McBee explained that his playing has undergone constant evolution during these years on the road.

"Without a doubt, I'm improving," he said. "I'm playing better chromatic harmonica. I'm writing a lot of stuff on it. There's a lot of things that I'm doing now that are still a roots type of music, but they're different than just straight-ahead blues. Most of them are 1-4-5 chords, but they're arranged differently and done to Latin beats and stuff like that."

Although McBee has dabbled recently with more south-of-the-border flavors, he's also enjoyed a long-standing musical relationship with the other side of the Atlantic. His solo debut, "44," offered him substantial chart success in Europe in 1995.

"My first solo record was the No. 1 record in Germany," he remembered. "I was always really surprised by that."

After a stateside tour that begins next month, McBee plans on returning to Europe in November for three weeks. But despite all this jet-setting, the musician inevitably finds himself coming back to his adopted hometown of Lawrence, where he has resided for the past 32 years.

"It's the most livable place I've ever been," he said. "I spent about 15 years on the road, and of the places that I've been I like this town the best. Granted, it's not really a blues town, but it's home."

'Road' rage

While The Get Up Kids are no stranger to MTV, their songs have enjoyed a little more prime-time rotation lately. The Lawrence/Kansas City quintet can be heard each week on the network's popular reality series "Road Rules." And now the Kids are included on its impending soundtrack compilation titled "Don't Make Me Pull This Thing Over: Volume 1."

"The record does a good job of encapsulating a movement of bands that are now really coming into mainstream recognition," said Mike Gitter, one of the executive album music supervisors on the project.

"The mainstream is so burnt out on the prefab and boy bands and rock music that doesn't have a real personal voice. All the sudden a band like The Get Up Kids or Dashboard Confessional that has an honesty to what they're saying and a human voice becomes really exciting. I mean, how much more 'Nookie' can you take?"

The Get Up Kids' tune "Overdue" from their latest disc, "On a Wire," is selected as the final cut on the MTV collection. The acoustic-driven ballad acts as an appropriate closer for the 21-band effort.

"It sounds good there," explained Gitter. "It has a requiem-ish feel to it. There wasn't much overthinking in terms of sequencing. It just sort of fit well at the end."

Gitter, a former music journalist who is now director of A&R; at Roadrunner Records (whose company is releasing the compilation), counts himself as "a fan of a number of bands from the Kansas City area." In addition to the Kids, he also lists Reggie and the Full Effect and Coalesce as favorites.
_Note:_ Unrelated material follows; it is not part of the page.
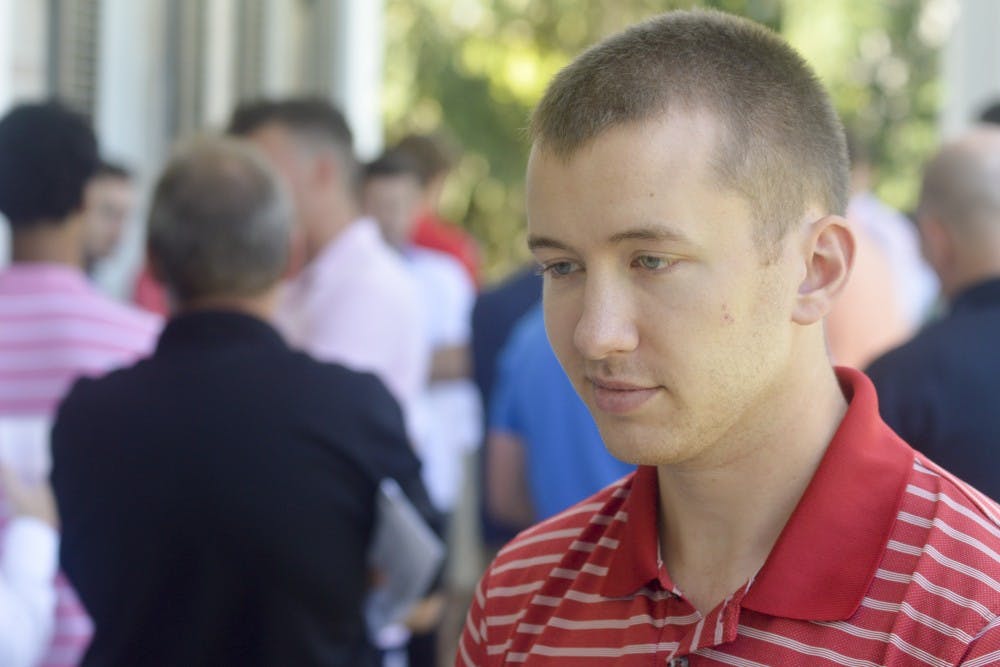 Acacia Graduate Supervisor Drew Sherman speaks on moving the fraternity forward Sunday afternoon at the Acacia Crest unveiling. The fraternity brought together past and present as alumni and new brothers reclaimed their house from Phi Sigma Kappa.

"We just signed a band that has two members from Kansas City: downthesun. It was a band that was discovered by the drummer for Slipknot," he said. "The only way I can describe them is that they are the heavy, ugly truth. There is nothing subtle about them. Their record is going to be coming out this fall."

Other acts appearing on "Don't Make Me Pull This Thing Over" include Jimmy Eat World, Deftones, Thrice, Hoobastank and Unwritten Law.

"It's an MTV, mass-consciousness record with a cool blend of cutting-edge artists," added Gitter.

The album hits stores on Aug. 6.

Misery traveler

Kansas City's leading proponent of the alt-country scene is moving to a place not exactly known for the style.

Scott Hobart, who fronts Rex Hobart and the Misery Boys, is shuffling off to Buffalo, NY.

"My wife, Paula, got into the graduate program in art conservation at Buffalo State University," Hobart said, amid unloading a truckload of his belongings into his new residence.

Nonetheless, this doesn't mark the end of the celebrated Misery Boys. Aside from the inconvenience of the situation, the Bloodshot Records act will press on. Hobart explained the band's upcoming record "Your Favorite Fool" is slated to be released on Sept. 24.

"I'm going to come back in two weeks to open for Alejandro Escovedo at Davey's on July 31,' he said. "Then I won't be back until September when the record comes out. The first week of October we'll be on the road through the first of the year. Then the plan is to come back once every month or two to do a Midwest swing."

Bloodshot, the Chicago-based label that houses some of the most respected artists in the genre, such as Neko Case and Waco Brothers, considers this long-distance relationship as no big deal, according to Hobart.

"They've dealt with this thing before," he said. "They know it can work, so they just said, 'Good luck. Keep in touch.' It's great because we signed up for four records, and this is our third. As long as they'll have us we're happy. Three records in we've kind of learned how to write a country song."

While the band actually played Buffalo once a few years back, Hobart at first assumed it was a tad off the radar for his modern style of tear-in-your-beer songwriting.

"Then Paula and I came up here four weeks ago to find a place to live, and it happened to coincide with an Americana festival they were having," Hobart said. "That was a good sign."